■ Exercise input ■
◇ ◇ ◇ ◇
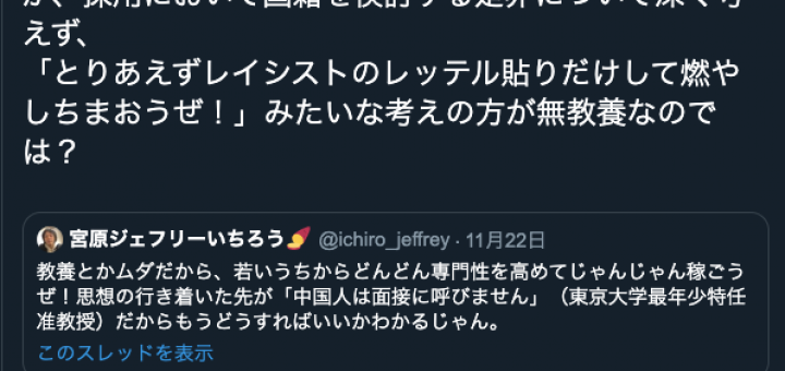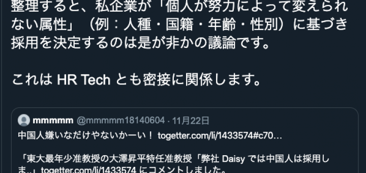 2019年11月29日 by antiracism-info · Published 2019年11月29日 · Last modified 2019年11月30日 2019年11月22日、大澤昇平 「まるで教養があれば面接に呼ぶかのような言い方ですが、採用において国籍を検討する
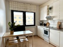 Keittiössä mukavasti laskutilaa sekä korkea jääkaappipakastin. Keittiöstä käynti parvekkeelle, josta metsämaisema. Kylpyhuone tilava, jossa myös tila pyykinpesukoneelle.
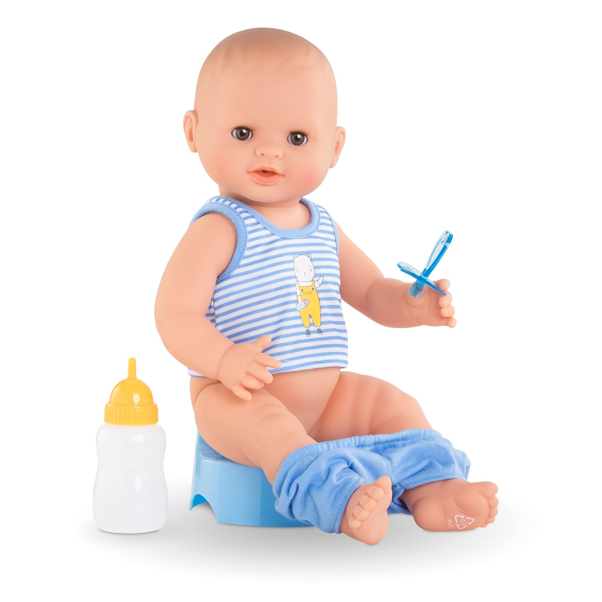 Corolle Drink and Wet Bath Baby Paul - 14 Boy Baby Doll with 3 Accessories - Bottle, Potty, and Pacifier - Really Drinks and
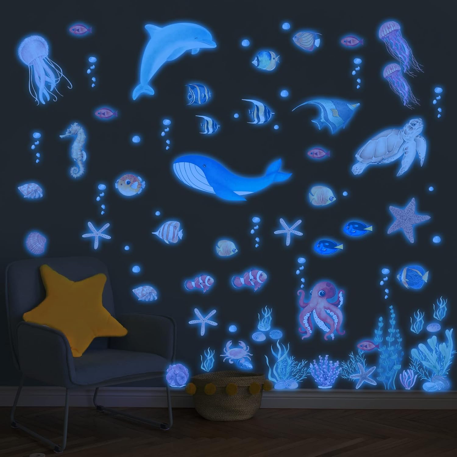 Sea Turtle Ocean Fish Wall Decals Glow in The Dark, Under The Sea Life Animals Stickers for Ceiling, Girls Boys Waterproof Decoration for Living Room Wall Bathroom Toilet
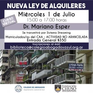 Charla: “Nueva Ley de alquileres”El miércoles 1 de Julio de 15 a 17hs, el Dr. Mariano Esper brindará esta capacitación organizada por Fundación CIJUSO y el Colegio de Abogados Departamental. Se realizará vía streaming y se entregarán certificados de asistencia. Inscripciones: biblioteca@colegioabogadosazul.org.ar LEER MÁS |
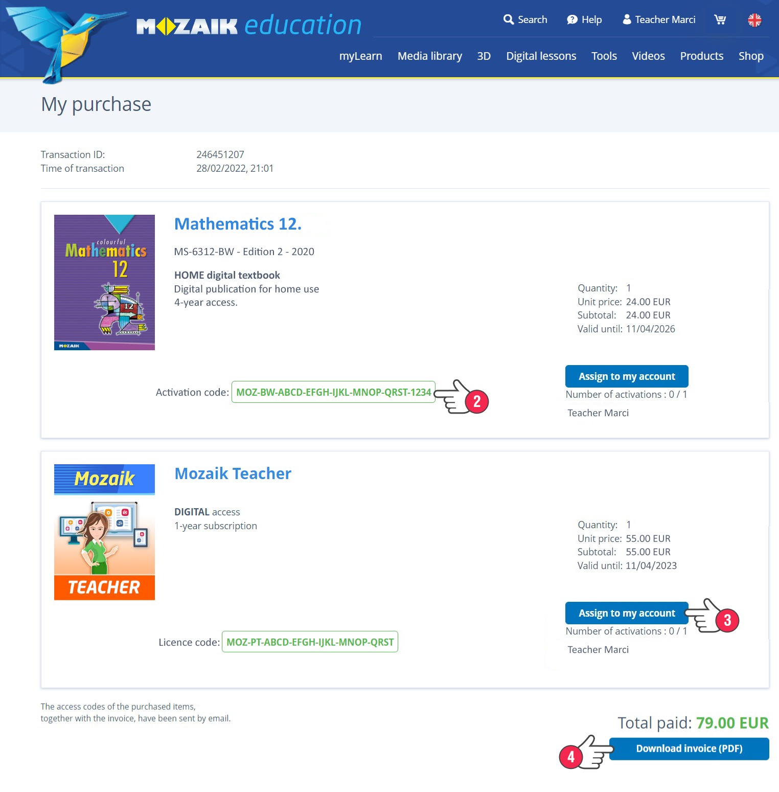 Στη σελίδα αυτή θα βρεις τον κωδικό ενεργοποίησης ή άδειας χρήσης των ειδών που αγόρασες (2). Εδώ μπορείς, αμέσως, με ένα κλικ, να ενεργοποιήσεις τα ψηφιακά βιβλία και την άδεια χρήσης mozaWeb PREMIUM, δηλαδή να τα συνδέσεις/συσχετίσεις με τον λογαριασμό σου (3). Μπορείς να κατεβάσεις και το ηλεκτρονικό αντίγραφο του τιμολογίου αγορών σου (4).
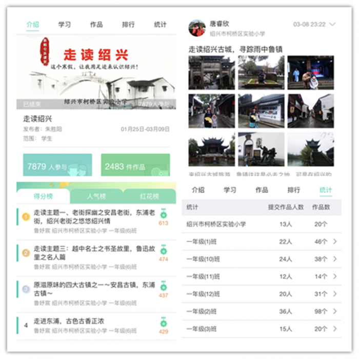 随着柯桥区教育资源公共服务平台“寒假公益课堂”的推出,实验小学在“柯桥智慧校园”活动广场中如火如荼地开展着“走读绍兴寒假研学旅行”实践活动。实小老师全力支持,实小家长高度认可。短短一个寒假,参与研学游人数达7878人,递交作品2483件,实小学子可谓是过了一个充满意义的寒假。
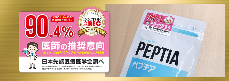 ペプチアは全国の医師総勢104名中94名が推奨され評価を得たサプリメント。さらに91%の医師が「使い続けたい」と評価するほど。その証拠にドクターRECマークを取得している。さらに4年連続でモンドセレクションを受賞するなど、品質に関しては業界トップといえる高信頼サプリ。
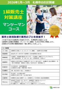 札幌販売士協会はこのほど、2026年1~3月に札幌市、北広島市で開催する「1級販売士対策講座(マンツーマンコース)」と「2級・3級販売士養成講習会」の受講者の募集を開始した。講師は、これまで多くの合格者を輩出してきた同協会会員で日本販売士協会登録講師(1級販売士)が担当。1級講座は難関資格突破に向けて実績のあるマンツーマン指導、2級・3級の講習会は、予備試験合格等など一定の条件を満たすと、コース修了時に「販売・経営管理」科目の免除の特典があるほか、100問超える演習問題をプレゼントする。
◇ ◇ ◇ ◇
■ Activity ■
Repeat each record as given. No picture belongs in the copy.

■ Result for this task ■
 2019年11月29日 by antiracism-info · Published 2019年11月29日 · Last modified 2019年11月30日 2019年11月22日、大澤昇平 「まるで教養があれば面接に呼ぶかのような言い方ですが、採用において国籍を検討する
 Keittiössä mukavasti laskutilaa sekä korkea jääkaappipakastin. Keittiöstä käynti parvekkeelle, josta metsämaisema. Kylpyhuone tilava, jossa myös tila pyykinpesukoneelle.
 Corolle Drink and Wet Bath Baby Paul - 14 Boy Baby Doll with 3 Accessories - Bottle, Potty, and Pacifier - Really Drinks and
 Sea Turtle Ocean Fish Wall Decals Glow in The Dark, Under The Sea Life Animals Stickers for Ceiling, Girls Boys Waterproof Decoration for Living Room Wall Bathroom Toilet
 Charla: “Nueva Ley de alquileres”El miércoles 1 de Julio de 15 a 17hs, el Dr. Mariano Esper brindará esta capacitación organizada por Fundación CIJUSO y el Colegio de Abogados Departamental. Se realizará vía streaming y se entregarán certificados de asistencia. Inscripciones: biblioteca@colegioabogadosazul.org.ar LEER MÁS |
 Στη σελίδα αυτή θα βρεις τον κωδικό ενεργοποίησης ή άδειας χρήσης των ειδών που αγόρασες (2). Εδώ μπορείς, αμέσως, με ένα κλικ, να ενεργοποιήσεις τα ψηφιακά βιβλία και την άδεια χρήσης mozaWeb PREMIUM, δηλαδή να τα συνδέσεις/συσχετίσεις με τον λογαριασμό σου (3). Μπορείς να κατεβάσεις και το ηλεκτρονικό αντίγραφο του τιμολογίου αγορών σου (4).
 随着柯桥区教育资源公共服务平台“寒假公益课堂”的推出,实验小学在“柯桥智慧校园”活动广场中如火如荼地开展着“走读绍兴寒假研学旅行”实践活动。实小老师全力支持,实小家长高度认可。短短一个寒假,参与研学游人数达7878人,递交作品2483件,实小学子可谓是过了一个充满意义的寒假。
 ペプチアは全国の医師総勢104名中94名が推奨され評価を得たサプリメント。さらに91%の医師が「使い続けたい」と評価するほど。その証拠にドクターRECマークを取得している。さらに4年連続でモンドセレクションを受賞するなど、品質に関しては業界トップといえる高信頼サプリ。
 札幌販売士協会はこのほど、2026年1~3月に札幌市、北広島市で開催する「1級販売士対策講座(マンツーマンコース)」と「2級・3級販売士養成講習会」の受講者の募集を開始した。講師は、これまで多くの合格者を輩出してきた同協会会員で日本販売士協会登録講師(1級販売士)が担当。1級講座は難関資格突破に向けて実績のあるマンツーマン指導、2級・3級の講習会は、予備試験合格等など一定の条件を満たすと、コース修了時に「販売・経営管理」科目の免除の特典があるほか、100問超える演習問題をプレゼントする。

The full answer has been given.